Task prompt: Take the line containing "NEU.Trä akustisk väggpanel" through the last line of the data and retype those lines exactly. Pictures do not belong in the copy.

Data excerpt:
··········

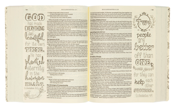 Inspire is a single-column, wide-margin New Living Translation Bible that will be a cherished resource for coloring and creative art journaling. It's the first Bible of its kind with over 400 beautiful line-art illustrations spread throughout the Bible. Full-page and partial-page Scripture art is attractively displayed throughout the Bible, and the illustrations can be colored in to make each Bible unique, colorful, and customizable. Every page of Scripture has two-inch-wide margins, with either Scripture line-art or ruled space for writing notes and reflections, or to draw and create. The generous 8.65-point font ensures optimal readability, and quality cream Bible paper is great for creative art journaling. Inspire is available in the popular New Living Translation, and is designed uniquely to appeal to art-journaling and adult coloring book enthusiasts.
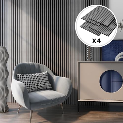 NEU.Trä akustisk väggpanel Vang i set om 4, akustiska plattor för hall, vardagsrum, inomhusväggdekoration i träutseende, väggbeklädnad, ek, grå
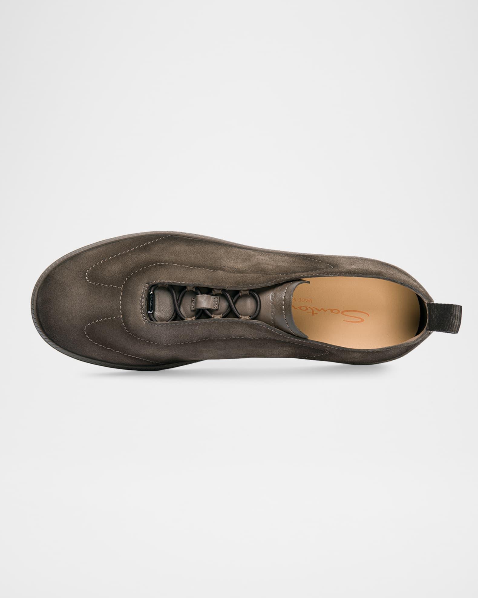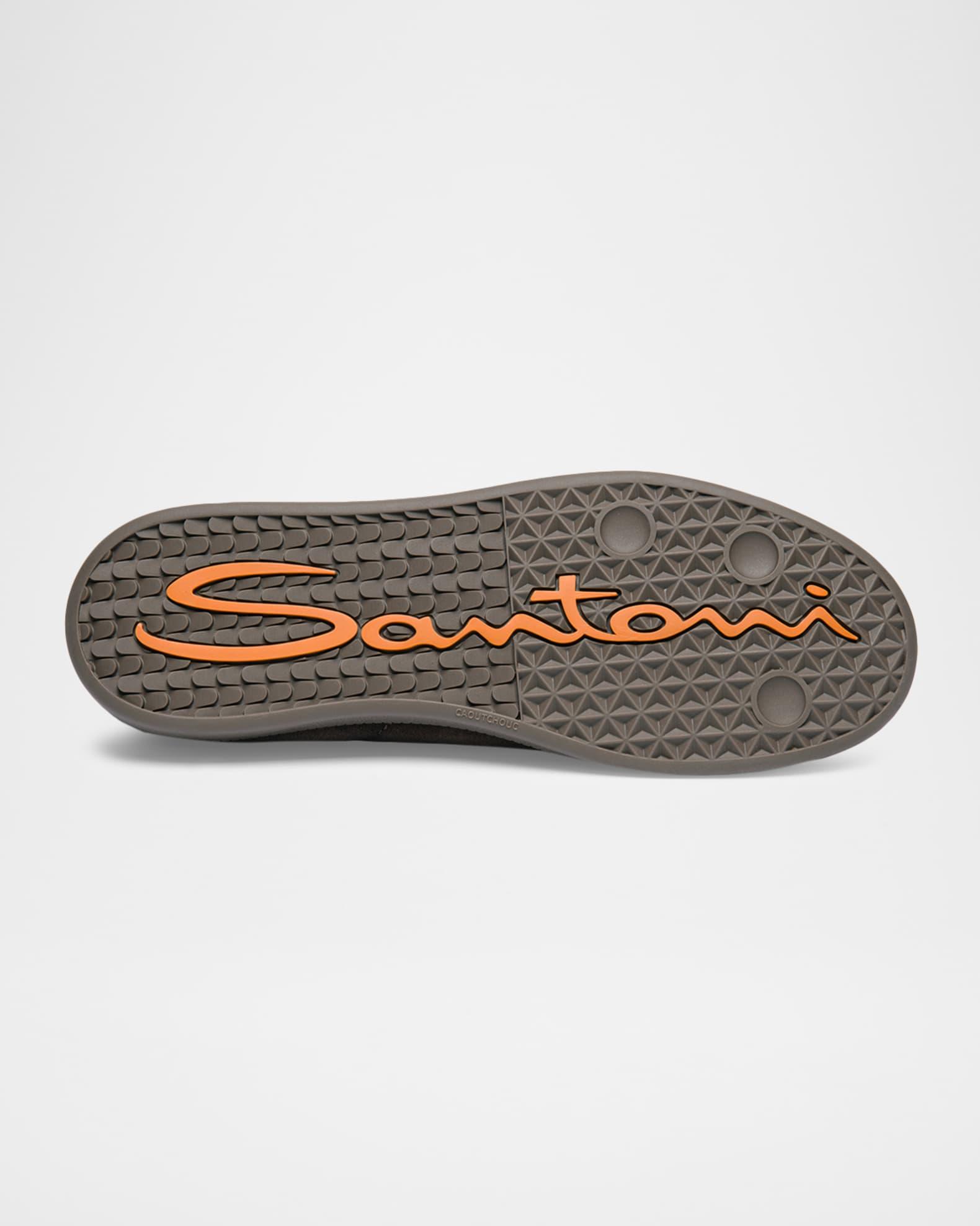 Santoni "Lume" sneakers in soft suede, highlighted with a unique degradé finish Flat heel Round T-toe Lace-up vamp Elasticated shoelaces for easy on and off Leather tongue with embossed logo Leather lining Backstay pull tab Branded rubber outsole Made in Italy

··········

Result for this task:
 NEU.Trä akustisk väggpanel Vang i set om 4, akustiska plattor för hall, vardagsrum, inomhusväggdekoration i träutseende, väggbeklädnad, ek, grå
 Santoni "Lume" sneakers in soft suede, highlighted with a unique degradé finish Flat heel Round T-toe Lace-up vamp Elasticated shoelaces for easy on and off Leather tongue with embossed logo Leather lining Backstay pull tab Branded rubber outsole Made in Italy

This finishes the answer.